__Task instructions__. Among the records, which lines hold the word "white"? Pick them out.

__Information provided__.
##############################

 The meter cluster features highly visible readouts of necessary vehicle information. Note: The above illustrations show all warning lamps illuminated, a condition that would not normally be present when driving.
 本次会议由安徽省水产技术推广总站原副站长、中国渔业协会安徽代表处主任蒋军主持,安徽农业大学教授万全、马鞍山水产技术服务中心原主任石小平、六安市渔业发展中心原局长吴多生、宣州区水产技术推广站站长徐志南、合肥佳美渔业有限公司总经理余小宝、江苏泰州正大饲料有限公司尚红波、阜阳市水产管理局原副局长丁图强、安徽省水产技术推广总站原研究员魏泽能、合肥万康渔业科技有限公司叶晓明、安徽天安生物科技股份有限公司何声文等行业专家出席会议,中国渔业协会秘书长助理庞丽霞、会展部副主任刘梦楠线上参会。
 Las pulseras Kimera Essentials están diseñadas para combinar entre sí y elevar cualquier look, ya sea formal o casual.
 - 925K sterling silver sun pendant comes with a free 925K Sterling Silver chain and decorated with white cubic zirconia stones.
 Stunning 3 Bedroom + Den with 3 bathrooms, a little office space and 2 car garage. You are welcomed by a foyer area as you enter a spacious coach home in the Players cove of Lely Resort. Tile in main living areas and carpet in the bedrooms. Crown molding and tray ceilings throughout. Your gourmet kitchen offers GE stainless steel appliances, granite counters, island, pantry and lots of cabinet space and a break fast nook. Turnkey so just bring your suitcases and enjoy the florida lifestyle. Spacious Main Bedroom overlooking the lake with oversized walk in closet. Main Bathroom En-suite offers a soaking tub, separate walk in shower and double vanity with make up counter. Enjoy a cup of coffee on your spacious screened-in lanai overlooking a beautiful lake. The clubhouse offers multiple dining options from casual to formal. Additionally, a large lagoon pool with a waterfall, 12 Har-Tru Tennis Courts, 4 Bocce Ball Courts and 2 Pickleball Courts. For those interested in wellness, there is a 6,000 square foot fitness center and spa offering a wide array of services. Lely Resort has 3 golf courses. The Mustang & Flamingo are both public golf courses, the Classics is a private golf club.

##############################

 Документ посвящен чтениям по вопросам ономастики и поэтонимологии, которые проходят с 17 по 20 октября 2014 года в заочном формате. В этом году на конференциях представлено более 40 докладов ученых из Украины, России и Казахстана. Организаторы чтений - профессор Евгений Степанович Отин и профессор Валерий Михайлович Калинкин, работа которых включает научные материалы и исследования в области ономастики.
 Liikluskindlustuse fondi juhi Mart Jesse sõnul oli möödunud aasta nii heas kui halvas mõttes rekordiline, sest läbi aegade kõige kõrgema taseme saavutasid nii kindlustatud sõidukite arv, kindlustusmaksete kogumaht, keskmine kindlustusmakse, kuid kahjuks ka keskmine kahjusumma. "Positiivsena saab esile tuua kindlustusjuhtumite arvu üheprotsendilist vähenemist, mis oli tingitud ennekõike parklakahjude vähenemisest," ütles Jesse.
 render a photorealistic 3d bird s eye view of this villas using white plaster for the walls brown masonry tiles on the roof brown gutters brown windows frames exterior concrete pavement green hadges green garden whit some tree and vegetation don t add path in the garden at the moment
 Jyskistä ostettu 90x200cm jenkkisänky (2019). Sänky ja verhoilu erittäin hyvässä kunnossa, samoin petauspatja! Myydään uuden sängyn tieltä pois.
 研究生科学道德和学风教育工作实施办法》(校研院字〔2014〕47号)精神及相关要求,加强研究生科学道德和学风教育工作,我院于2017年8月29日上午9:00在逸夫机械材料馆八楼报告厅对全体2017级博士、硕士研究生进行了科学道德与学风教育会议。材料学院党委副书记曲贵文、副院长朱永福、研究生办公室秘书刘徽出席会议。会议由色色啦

##############################

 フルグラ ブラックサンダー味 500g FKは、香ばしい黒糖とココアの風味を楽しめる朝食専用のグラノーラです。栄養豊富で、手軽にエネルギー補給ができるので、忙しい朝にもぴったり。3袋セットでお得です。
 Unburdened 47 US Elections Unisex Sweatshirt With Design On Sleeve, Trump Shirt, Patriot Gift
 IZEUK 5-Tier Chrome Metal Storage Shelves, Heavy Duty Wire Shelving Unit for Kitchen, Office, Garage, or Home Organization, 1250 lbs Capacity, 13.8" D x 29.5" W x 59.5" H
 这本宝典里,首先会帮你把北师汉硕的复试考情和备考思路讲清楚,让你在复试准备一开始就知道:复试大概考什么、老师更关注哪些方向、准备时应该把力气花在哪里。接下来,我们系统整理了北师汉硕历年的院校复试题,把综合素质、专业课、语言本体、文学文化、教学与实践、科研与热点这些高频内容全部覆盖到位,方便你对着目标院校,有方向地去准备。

##############################

__Answer box__.
 - 925K sterling silver sun pendant comes with a free 925K Sterling Silver chain and decorated with white cubic zirconia stones.
 render a photorealistic 3d bird s eye view of this villas using white plaster for the walls brown masonry tiles on the roof brown gutters brown windows frames exterior concrete pavement green hadges green garden whit some tree and vegetation don t add path in the garden at the moment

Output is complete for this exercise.